Volume, variety and velocity define what the technology toolset must address to enable FS businesses to establish organizational trust and harness the innovation possibilities of big data. To maximize value from big data, FS companies should begin their big data initiatives by agreeing on the business objectives they are trying to accomplish.  Business objectives should govern the area where Big Data should apply. This helps to scope the data collection effort and prevents gathering and managing data that is not needed or usable.

Existing and upcoming regulations are also a key driver for much of the big data activity within FS companies. These regulations are putting greater emphasis on firms to increase governance, transparency and risk reporting, driving the need to go beyond traditional data analysis.

Beyond what is required for regulatory compliance, FS companies should define their own customer-focused data policy to serve as a strict guideline for data management.  Having such a policy in place will help to achieve big data’s intended value.

From a  technology perspective, big data has the potential to substantially lower the total cost of ownership of technology solutions. Most big data technologies rely on inexpensive, commoditized hardware and therefore scale rapidly and very economically. They also make use of open source software avoiding licensing fees. This aspect in turn lowers the barriers to adoption and incorporation of analytics throughout an organization.

More broadly, finding the actual financial value of the data (ROI) can be a challenge. Value definition can be done using mathematical assumptions or real calculations where the component values are available. If  structured properly, the ROI computation can be used to determine the big data value in respect to the data owner’s relative  configuration and monetary data asset value, thus removing the arbitrary aspect of “It Depends.” It is also beneficial to determine the breakeven price point on the purchase of new hardware and software, resource allocations, and project priorities.

To reduce capital expenditures and risk, many FS firms are looking to the Cloud. End-to-end Cloud-based analytics solutions such as Capgemini’s Elastic Analytics enable FS firms to take full advantage of a consumption-based model while maintaining the same look and feel to applications as if they were running in their own data centers. For organizations that are struggling with the deluge of data and the ability to rapidly respond to new demand for insight from their business users, Cloud offers FS firms a way to access an end-to-end Business Intelligence and Big Data Analytics solution with a much shorter ‘time-to-value’.
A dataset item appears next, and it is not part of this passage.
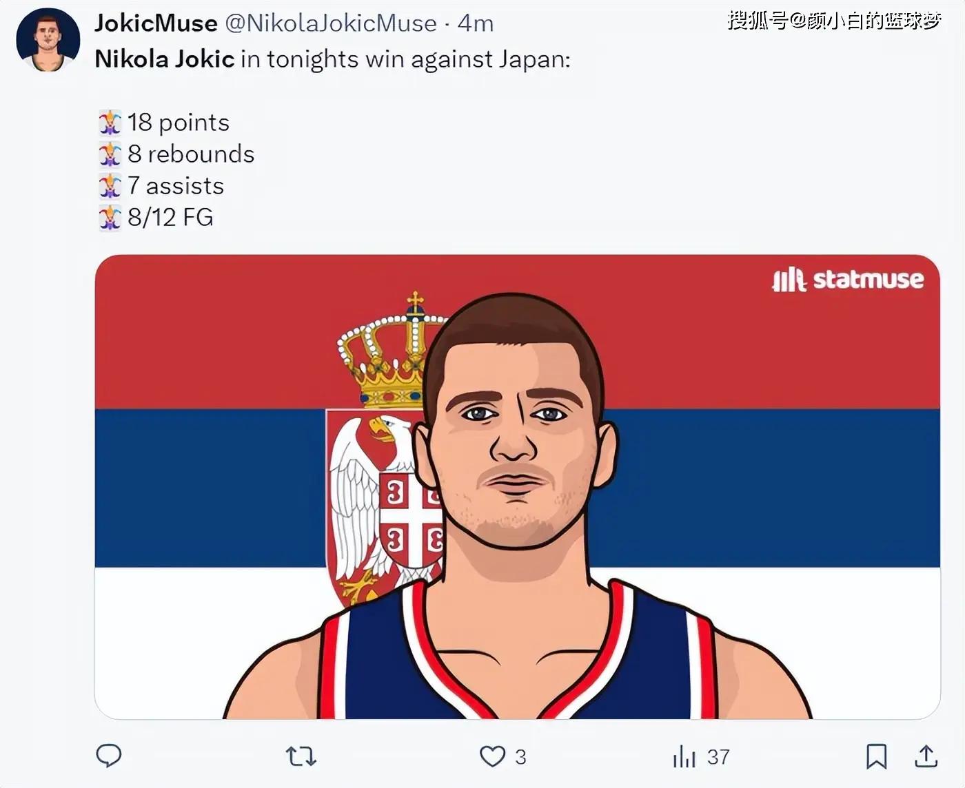 约基奇牛刀小试,23分钟,拿到12中8拿到18分8篮板7助攻;博格丹诺维奇25分钟拿到15分8助攻,塞尔维亚全队有5人得分上双。

Banks, capital market firms and insurance companies all realize today that enterprise information is one of their most strategic corporate assets. Some financial institutions have already embarked on a path to transform their disparate operations and data repositories into an enterprise-level program that elevates information to its deserved status of strategic asset. They are reshaping the business into a truly information-centric enterprise where both data quality and consumption are aggressively and consistently managed by the leadership team. But most organizations also agree that they lack the focus, skills, competency and leadership to manage this strategic asset as effectively and efficiently as they would like. For many, the biggest big data problem they face is “How do I use it?”